As you can imagine, their name caused quite a bit of controversy due to the nature. The Dead Kennedy’s came together in 1978 and featured just one black member– the drummer, D.H. Peligro and he joined in 1981.

Dead Kennedys were a bit more hardcore than other bands on the list as was shown in their debut album, Fresh Fruit for Rotting Vegetables released in 1980. They were also pretty abrasive, sometimes calling out actual politicians in their lyrics and also opposing racism and capitalism.

They went through the independent route even before it became cool, creating Alternative Tentacles in 1979. They broke up in 86 but in 2001, three members reformed the group including Peligro. They have continued to produce music much to the displeasure of original lead singer Jello Biafra who feel betrayed by the band’s alleged change in values


They are often considered the fathers of the afro-punk genre and their sound paved the way for so many others. They came together in 1974 and consisted of three brothers, David, Bobby and Dannis Hackney. Their sound utilised punk and funk elements and credit has to go ‘The Who’ for inspiring a switch from funk to punk. They were active between 1974 and 1976 releasing a number of singles at the time such as “Politicians In My Eyes” b/w “Keep on Knocking.”

They suffered a huge setback in 1975 when while recording an album, they were informed that they were being dropped by their label due to their controversial name.

The band would enjoy a renaissance of sorts in the late 2000s, after songs such as “The Killer of Killers” and “False Positive,” were featured in TV shows. Using this as a springboard, they were able to release two more albums between 2009 and 2011.



Read: Best South African Songs You Should Be Jamming To

Bad Brains

Bad Brains was a reggae and funk band formed in Washington in 1977, but soon they went the way of punk and with them brought influences from legendary musicians such as Bob Marley, Stevie Wonder and Black Sabbath, into the mix.

They had a tough time as they were banned in 1979, just two years after formation as many of the clubs in their hometown weren’t very receptive to their sounds or message.
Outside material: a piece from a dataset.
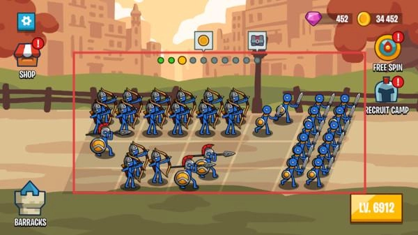 在兵营界面,通过征兵营地扩充兵力,升级蓝方弓箭手、剑士等兵种,搭配阵容提升整体战力。

They eventually moved to New York City which was of course more receptive to their sound. They were fairly prolific releasing 9 albums after ythe first came out in 1982. Their latest offering is actually from as recent as 2017 and it’s called Mind Power. They also got the documentary treatment in 2012 when the documentary ‘Bad Brains: A Band In D.C.’ was released.


X-Ray Spex

The 60s and 70s were an interesting time for punk in England with bands like the Sex Pistols who weren’t particularly known for their masterful music but for their message and stage presence. X-Ray Spex were an offshoot of the Sex Pistols and were formed in 1976 by lead singer Poly Styrene, They released a single in 1977 called “Oh Bondage! Up Yours!” and this catapulted them to the toop of the British punk scene and their themes of anti-capitalism, feminism and critique of the mainstream made them a highly popular and important band at he time

Germfree Adolescents, their first album, was released in 1978. Poly left the band in 1979 to set off on her own, they came together for a brief period in 1995 which birthed one last album, Conscious consumer. A documentary called PolyStyrene: I am a cliché, is in the works and it will focus on the influential lead singer of the band. It was also co-written by her daughter Celeste Bell.



A lot of the bands here were fusion bands and Fishbone is no exception as their sound was a fusion of Ska, Funk metal and Punk. They came together in 1979 and consisted of the Fisher Brothers and their friends. Their first album, ‘In Your Face’ was released in 1986 They gained some fame even opening for the Beastie boys and getting signed to Columbia Records in 1983.

They finally found some mainstream success after they released their album Truth and Soul. They were dropped by their label in 1995 which sparked some departures, they went independent in 2001 following another incident of being dropped by a label. They are still active and have been like so since their inception.